Are you a loser? Can’t remember the last time you accomplished anything you desired? Is your life a pit of desperation and frustration? Then you probably have this book on your bookshelf. I’ve heard about ‘The Secret’ for some time now. The first time I heard about it was on the Sunday news. Naturally the title got me interested, but all the news article said that the book carried that message that positive thinking gets you results. Cool. I’m all for that. An age old message that I’ve known for years, but if someone wants to make a couple bucks selling common sense to Americans, then let them go ahead. God knows they need it. It’s not until I read an online article about ‘The Secret’ that I found out everything about the book.

What the book really says is that you can manipulate reality with your mind, so if you see a fancy car you want, boom, the law of the universe grants it to you. just like that. No investing, no job hunting, nothing but the power of your mind. And as preposterous as that may sound to us rational minded people, millions have been buying in on it. 1.5 million DVDs of the movie have been sold and 1.75 million are in print. It even got endorsed by Oprah - twice. And when that happens, you immediately have a millions of middle aged housewives behind your book. All of this bunkus comes from author Rhonda Byrne, who should be rolling in it right now. Her movie, which she dubbed “the greatest film in history to date,” didn’t do so well in her homeland of Australia.

Enter America, where finding desperate and unhappy people is easier than finding the nearest Starbucks. But what separates this book from countless other self-help books? It’s “Da Vinci Code” design and its title. It promises to reveal some mystical and ancient secret, one that greats like Martin Luther King, Einstein, Beethoven and Newton knew about. But it only panders to middle class material desires, and little on benefiting humanity, as these great men did.
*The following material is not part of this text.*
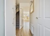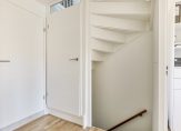 De hal geeft toegang tot de lichte woonkamer, trapopgang, vernieuwde meterkast en een modern toilet met bidetfunctie. Het toilet is verder voorzien van fraai tegelwerk, een wastafel en een ingebouwde toiletrolhouder. De hal is afgewerkt met een houten laminaatvloer die doorloopt in de woonkamer.
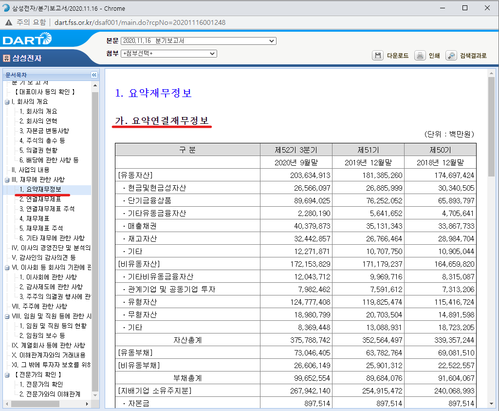 위에 빨간줄을 쳐놓은 분기보고서를 클릭하면, 재무제표(재무상태표)를 확인할 수 있습니다. 삼성전자의 재무제표는 말을 안 해도 엄청나다는 사실은 다 알고 계실 겁니다.

But I guess it wouldn’t be such a success if it didn’t push an easy way to get that diamond necklace around your neck or that Lexus in your garage.

Personally, I think this is crap. New Age, pseudospiritual crap. This fodder for the weak-minded only repackages a well-known fact about the power of positive thinking, and this Law of Attraction junk is just something else for people to blame their pathetic little lives on. It’s not bad luck, other people or even God why your life is the way it is. It’s you. You’re the reason you’re life sucks. And until you get off your fat ass and do something about it, it will continue to be so. Well, I’m gonna jump off a building now. The Law of Attraction states that as long as I think “marshmallow filled bounce-a-bout,” I should be ok. Right?